What is with all of this stuff? Who are the fellows bouncing the ball on the television? Are any of them "LeBron James"? What type of noises should I be making at the other bar patrons, to convince them of my deep and abiding love of professional hoops? It is for the purpose of answering these and other questions that this rich informational text has been called forth into being, and also for the lesser reason that if I do not turn in a draft soon then it will be hard for me to claim that I was working on this blog pretty much all week. And that would be a real problem for your buddy right here!
Below you will find (once again, incredibly and indeed insanely thorough and informative) previews of each of the [counts on fingers] eight, I guess, first-round NBA playoff series beginning this weekend. They appear in the chronological order in which the series begin, hoo buddy, alarmingly soon, ah jeez. When you have read them all, you will never have any more questions about basketball or sports or life, ever.
Utah Jazz (5) at Dallas Mavericks (4)
When is the game?
The first game of this series is Saturday at 1:00 pm Eastern, on ESPN. That's the future.
What are the respective deals of these basketball, uh, firms?
The Mavericks continued their valiant but also somehow deathly boring ascent up the Western Conference this season, the fourth straight they've finished with a higher winning percentage (.634) than the year before (.583 in 2021). That's pretty cool, and in broad outline close to the ideal for a team that rebuilds around a young lottery pick: In each campaign of Luka Doncic's career, the results have improved. At least as far as the regular season is concerned, anyway. Each of the past two playoffs, the Los Angeles Clippers eliminated the Mavs in the first round; if you want to give them some minor credit for having lasted one more game in 2021 than in 2020, fine, but in any case that implies this is the year they ought to actually win a series.

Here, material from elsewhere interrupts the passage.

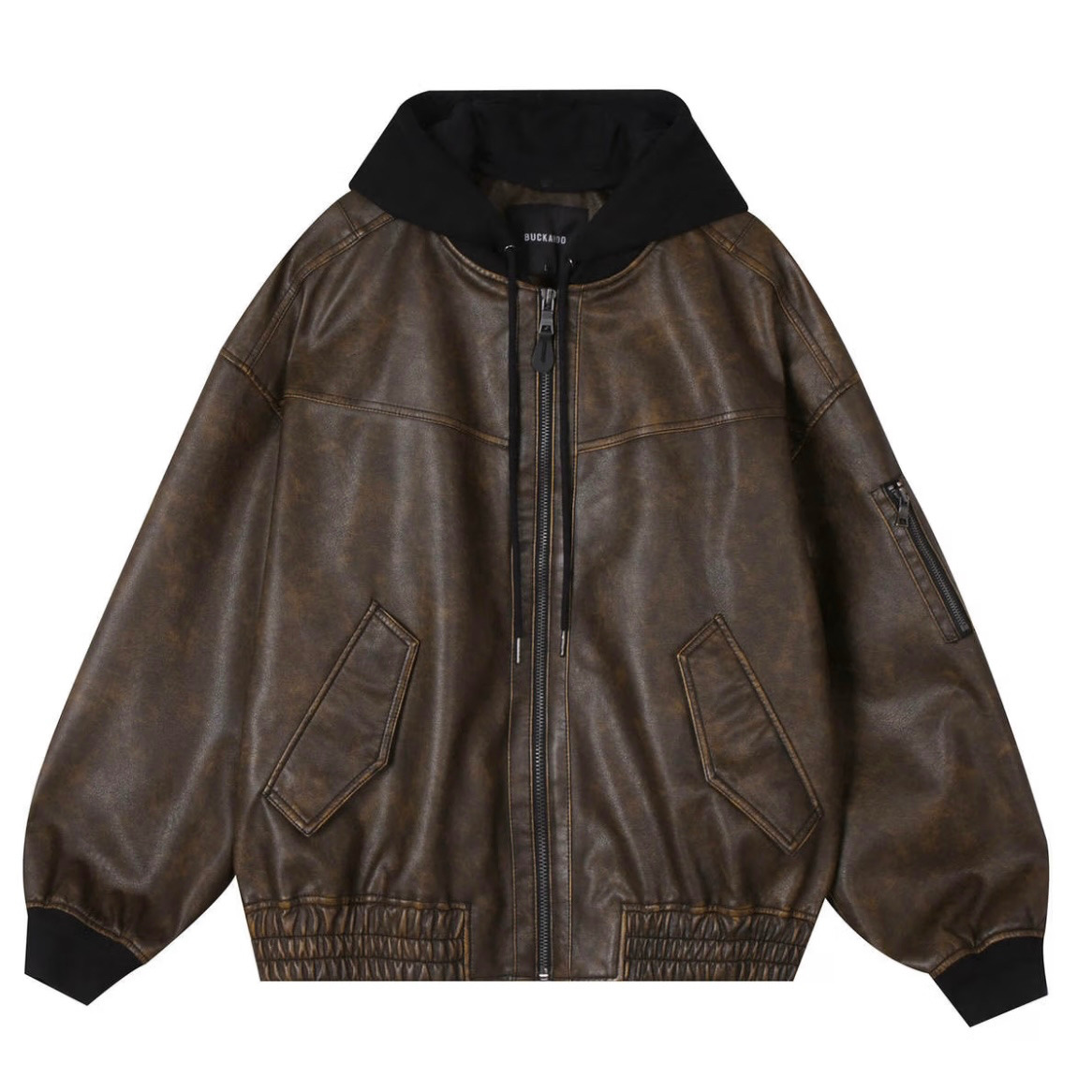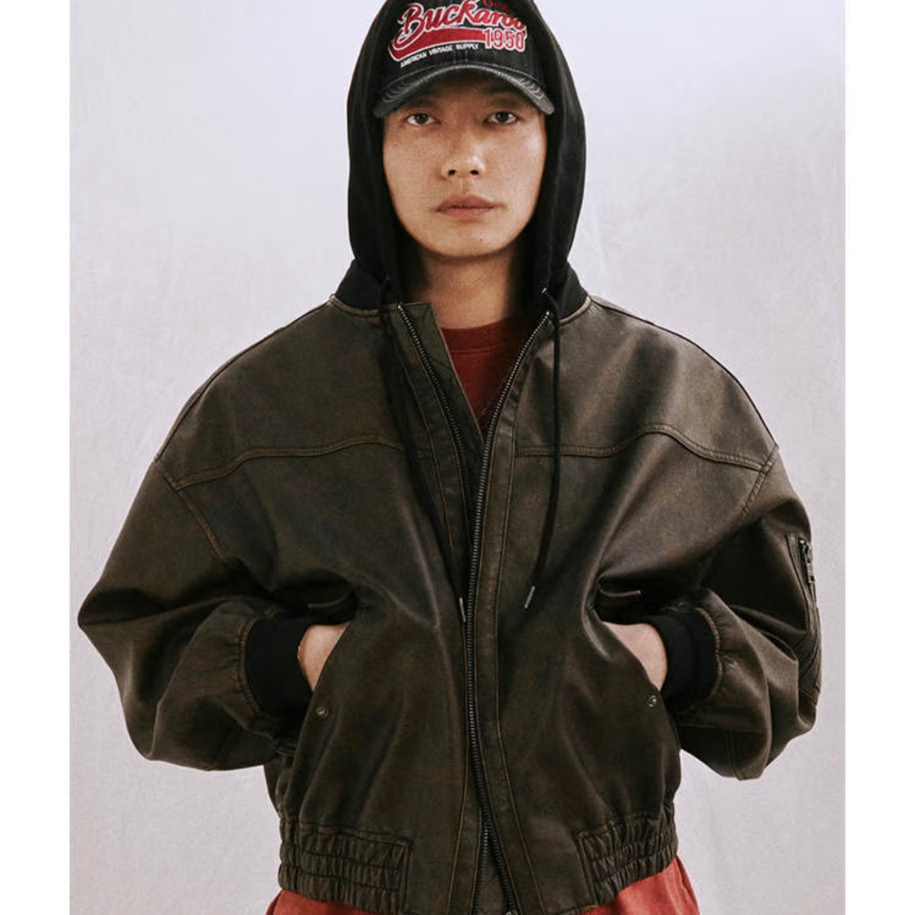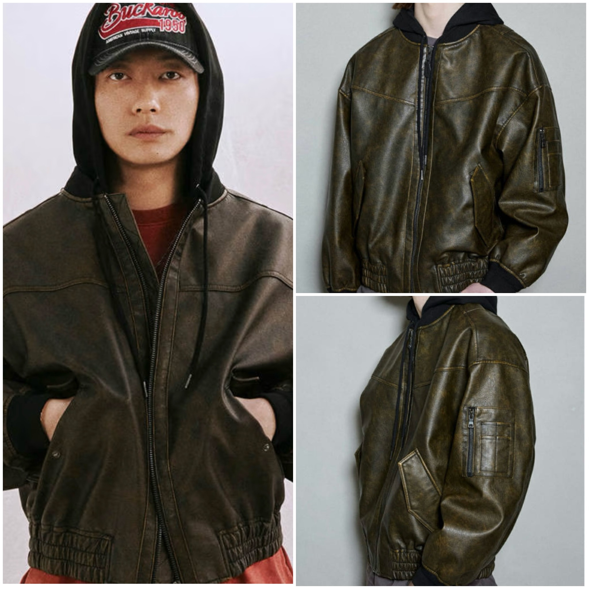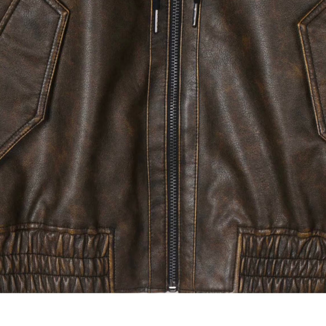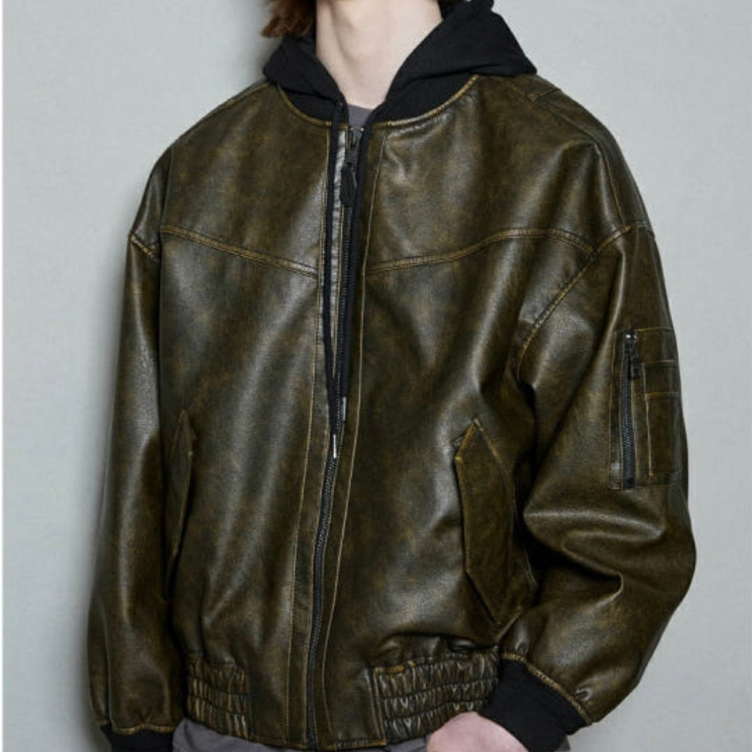 인기 남성 인조 가죽 후두탈착 항공 점퍼_US

As for the Jazz, their deal is uuuuuuuuuuuuuuugh. I'm so sick of them.
Who are their guys?
I already mentioned Doncic. That's Dallas's guy. Sure, yes, fine, OK, earlier this season they traded away erstwhile and failed co-star Kristaps Porzingis for some guys. If this were a regular-season preview I might feel obligated to mention them, but this is the dang playoffs! Stars win playoff series! Their guy is Luka Doncic.
I think it is fair, here at the end of Luka's fourth season, to say that at least as far as can be measured in numbers, he's pretty much still the player he was at the end of his second. If this is maybe ever so slightly bitterly anticlimactic for Mavericks fans, and for all the rest of us who hoped he might be, like, the Slovenian Michael Jordan, it is very convenient for me, the guy trying to write a preview for this series in the few hours immediately prior to its beginning.
The record is remarkably consistent on this. Regular season after regular season, whether he gains or loses weight, or motivation, or Rick Carlisle, or incompatible 7-foot-3 teammates from Latvia, Luka is going to take around 22 shots per 36 minutes of play, and he's going to make around 10 of them; he's gonna shoot nine threes and make three; he's gonna make around five-and-a-half out of around seven-and-a-half free-throws; he's gonna record around nine rebounds and nine assists; he's going to turn the ball over four or five times; he's gonna be splendidly tricky and creative with the ball, whenever he is not dribbling the air out of it; when he thinks he has been fouled and the referees do not, he is going to turn the color of a pomegranate and get back on defense at geologic speeds. The great news for Mavs fans is that this outline—29 points, 9 rebounds, 9 assists per 36 minutes—is that of a spectacular professional basketball player, even before you get to the part where he only recently turned 23 years old. Luka is great! He's the best player in this series, by far.
On the other hand:
Apparently there is also "significant concern" about whether Doncic will be available for Game 2, on Monday. Uh oh.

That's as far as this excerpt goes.